Still same as current model, no?

isn't a unified source for all lithology

Still not seeing why that matters. (Except the flat model might be better at indicating those sources.)

I think I need an example or something, from here this just looks like more-accessible metadata (which in either case can be included if useful or omitted if not), I can't see what doesn't fit.

chart changes ... adding a comment if needed to note

Just to get it out there, the obvious alternatives would be to embed that in the name ("Bla v1"), or to refer to data objects (which could carry both 'Bla' and 'v1') instead of strings. Both would be more complicated for everyone, but there is a path if we need it.

WaigePilson commented 6 months ago

@dustymc you're right that in our current set up there is a lot of messiness, however currently we are relying on the people making the code table request to do the hard work of vetting what their unit should be called, where it is, what valid references exist for it, etc. My point is that there are so many formations and members and whatnot that we cannot possibly come up with a unified table of all this data to just have as a sort of taxonomy for Arctos users to access. Even trying to turn our separate formation, member, etc. tables into one single table would require a lot of effort as someone would have to sit down and figure out which members belong to which units, where, etc. I suppose we could just pull all the lithostratigraphy tables into one, like you suggested originally, but without doing any of the work to link formations, members, etc. However, I don't see how that is much of an improvement over our current system. The really elegant and nice solution with Teresa's chronostratigraphy table is that we could add in parent/child time units in a "taxonomy".

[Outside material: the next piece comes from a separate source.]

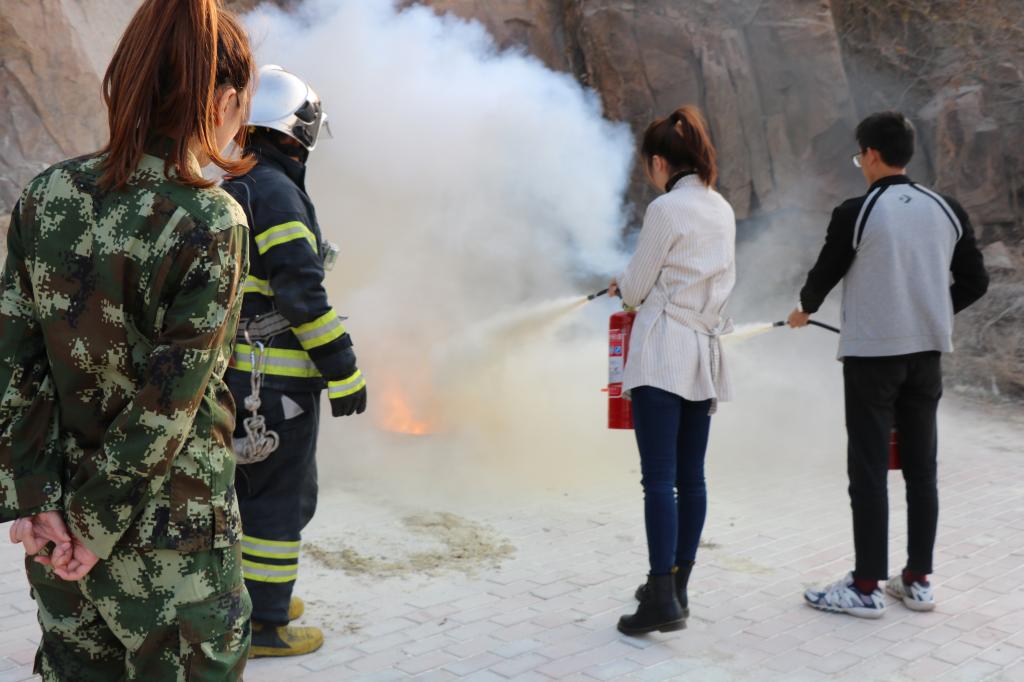随后,崂山区消防大队的消防员用云梯消防车为同学们模拟演示了用高压水枪灭火和用伸缩云梯救助被困人员的场景。最后,青岛市崂山区消防大队的张队长通过现场展示向大家生动而详细地介绍了干粉灭火器的使用方法,同时为了让现场的同学掌握灭火器的使用方法,消防大队准备了数十个干粉灭火器供大家练习操作。现场共二十名多同学体验了手持灭火器灭火,学会了正确使用灭火器的方法。

To be clear, I am very supportive of creating a unified chronostratigraphy code table; as I mentioned above I looked at Teresa's google sheet and it looks great to me. I just think combining lithostratigraphy (at least if we wanted to do it in the same way, noting which geologic members belong to which formations) is too hard/messy.

dustymc commented 6 months ago

don't see how that is much of an improvement

For current data: It's not, it'd be a straight move, no change, no extra work necessary.

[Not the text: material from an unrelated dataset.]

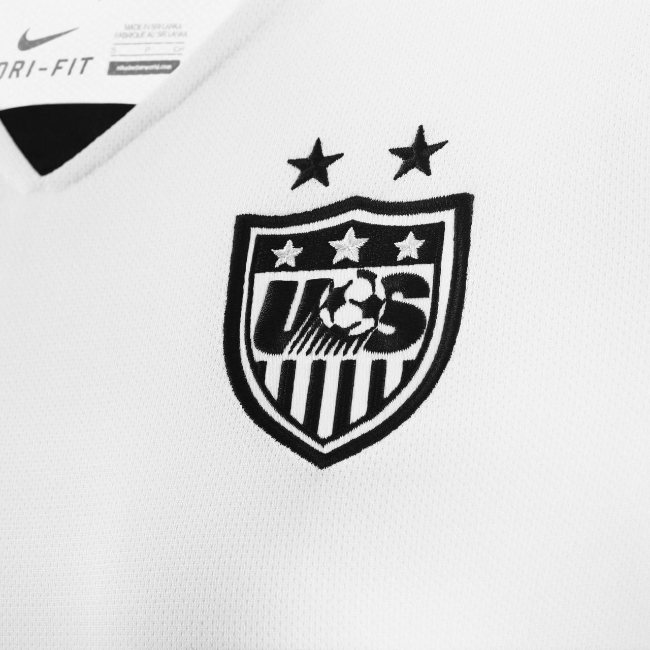 Two stars stitched above the U.S. Soccer Federation crest proudly signify the USA’s two World Cup victories in 1991 and 1999, while a black triangular insert punctuates the new streamlined, modern V-neck collar.

For current UI: I think it is an improvement in accessibility, in that I can just type 'Tj5' into the ONE search box and not have to pre-determine if that's a formation or member or litho or chrono or whatever https://arctos.database.museum/info/ctDocumentation.cfm?table=ctbiostratigraphic_zone is. IDK if that'll be at all useful for "us," but Arctos has a very large audience and a curious 4th grader (or me!) would benefit from such simplicity.

For future data: If there's some reason to add metadata, this thing...

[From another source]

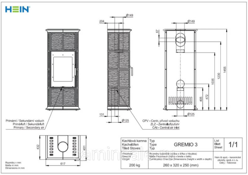 Инструкции, чертежи, документы - Печь-камин Hein Gremio 3 керамика 19301

Screenshot 2024-03-27 at 11 38 30

would just be a bit closer to the data in the UI, where it can be used or ignored.

I think I'm just proposing a zero-effort, zero-functional-change addition which would improve usability by removing complexity onto the existing proposal.

(It would also remove a few code tables, which might also improve usability, maybe let me drop the whole complicated thing in the screenshot above, which would be fabulous, and make certain DB costs one join cheaper, which probably isn't very significant).

I don't think it would have any negative effects on ya'll. It wouldn't substantially change how you enter or search for data, as far as I can see. It certainly wouldn't change anything about the creation/code table process. It wouldn't require metadata, but if someone wants to provide metadata I think it would be exactly as function as the current system (but without the complexity).

If there's absolutely no chance that anyone's ever going to try to add any metadata (eg fill in any extra columns in the spreadsheet) to any non-chrono thing ever for any reason, the simplification still looks to me like an improvement, and I still can't see any real cost (other than it being slightly different, which I suspect is more than balanced by being more homogenous).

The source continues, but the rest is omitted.